Can install 9.0 but not 9.1 from USB drive

I am looking for help to resolve a persistent “not syncing” panic stop while trying to install Rocky Linux 9.1 but not when I install 9.0 under the exact same circumstances.

Context

The machine is currently running 9.1 (upgraded from 9.0) without any obvious issues but I’m now planning a fresh re-install of 9.1 in order to put it into service as a KVM/QEMU host.

Hardware

  • M/B: ASUS Prime X570-P
  • CPU: Ryzen 5 5600X 4th Gen 6-core
  • RAM: Crucial Ballistix 3600 MHz DDR4 DRAM (2x16GB)
  • SSD: SAMSUNG 980 PRO 1TB PCIe NVMe Gen4
  • VGA: ATI AMD FirePro 2270 512MB PCI-E

UEFI BIOS Settings

  • “Factory” settings
  • Secure boot disabled
  • Never overclocked; RAM running at 2666MHz

Things I have tried

  • Using different USB drives.
  • Removing the two 16GB RAM sticks and using only one at a time.
  • Removing all cards except for the video card used for the console.

I have no experience with debugging kernel panic stops and have had no luck searching this forum nor googling for answers.

Kernel Panic

Based on the panic error below, I suspect a video driver issue even though the video card works fine for the console when I boot the existing Rocky 9.1 installation.

Can you try adding nomodeset to the kernel line before booting the installer? Perhaps that will help.

Thanks. Unfortunately adding nomodeset and continuing with Ctl+x resulted in what appears to be the exact same panic message

Maybe inst.xdriver=vesa

Thanks. Unfortunately the problem persists.
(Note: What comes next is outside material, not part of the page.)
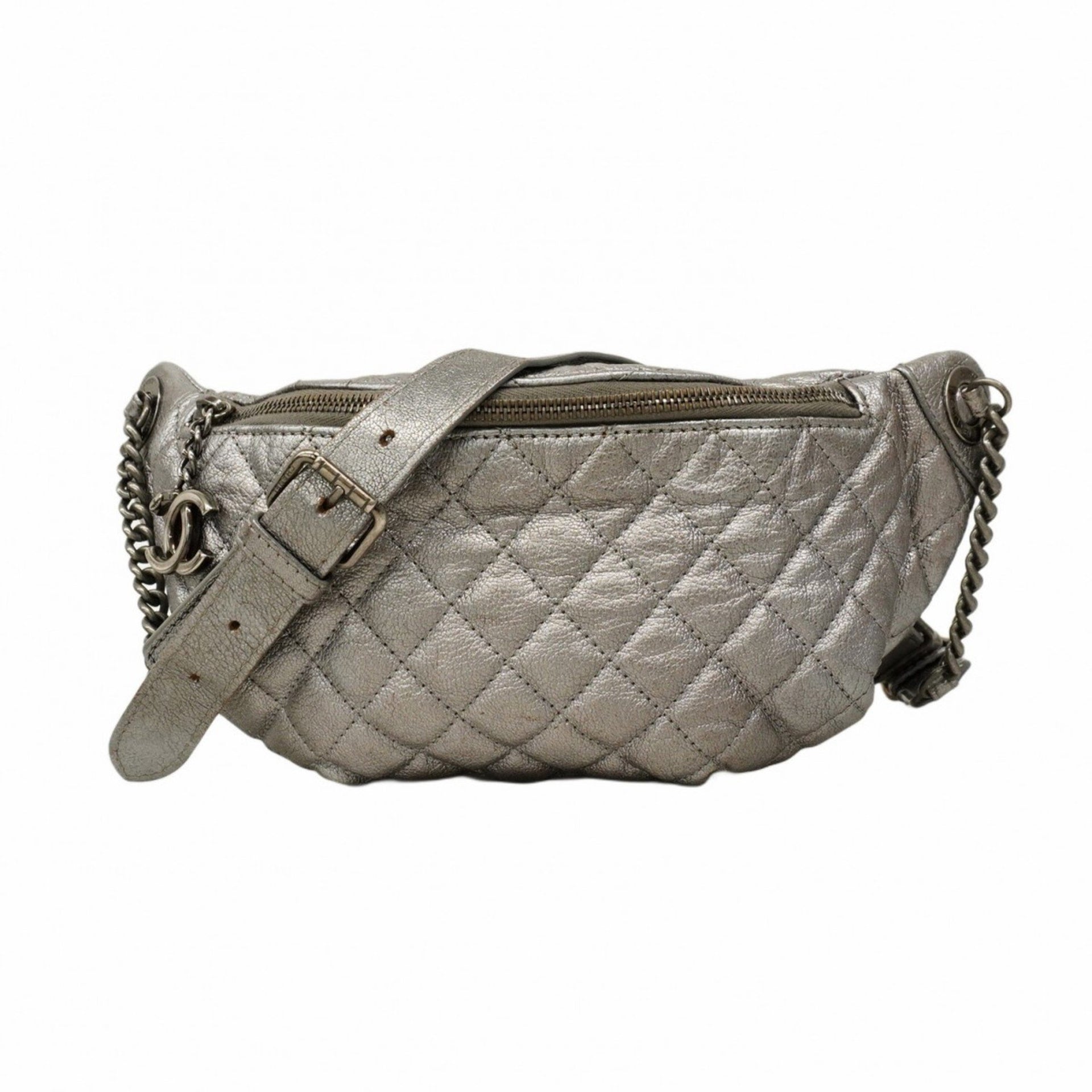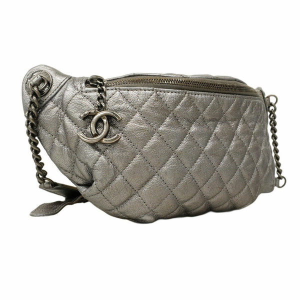 Chanel Matelasse Leather Body Bag, Silver, Women\'s

Can you clarify BIOS settings in both cases 9.0 and 9.1, disable CSM, secure boot, UEFI etc.

I’m interested in the AMD Firepro 2270, is that the passive cooling one?
I really liked that card, but ran into a problem with it where it didn’t support UEFI (without an unsupported firmware hack), and after looking more into the way it connected to the bus, I decided I’d have to replace it with a newer one.

Thanks for the suggestions and apologies for the late reply.

The quick reply is that the BIOS settings were identical in both cases and secure boot was disabled.

I will try your suggestion and report results tomorrow.

The default CSM settings are shown below.

I also tried setting all options to “UEFI Only” and “Legacy OPROM” with no success in either configuration.

Defaults:

Yes the 2270 has no fan. Notably, it worked fine for the console under 9.0.

Hi. I’m not getting anywhere with this problem. Please let me know if you can think of any other things to try. Thanks!

Maybe inst.text (or just text alone).

I’ve never tried either but it’s worth a shot.

Alternatively, since installing 9.0 works why not stop beating your head against the wall and just install that? Run a dnf upgrade afterward and you should be all set.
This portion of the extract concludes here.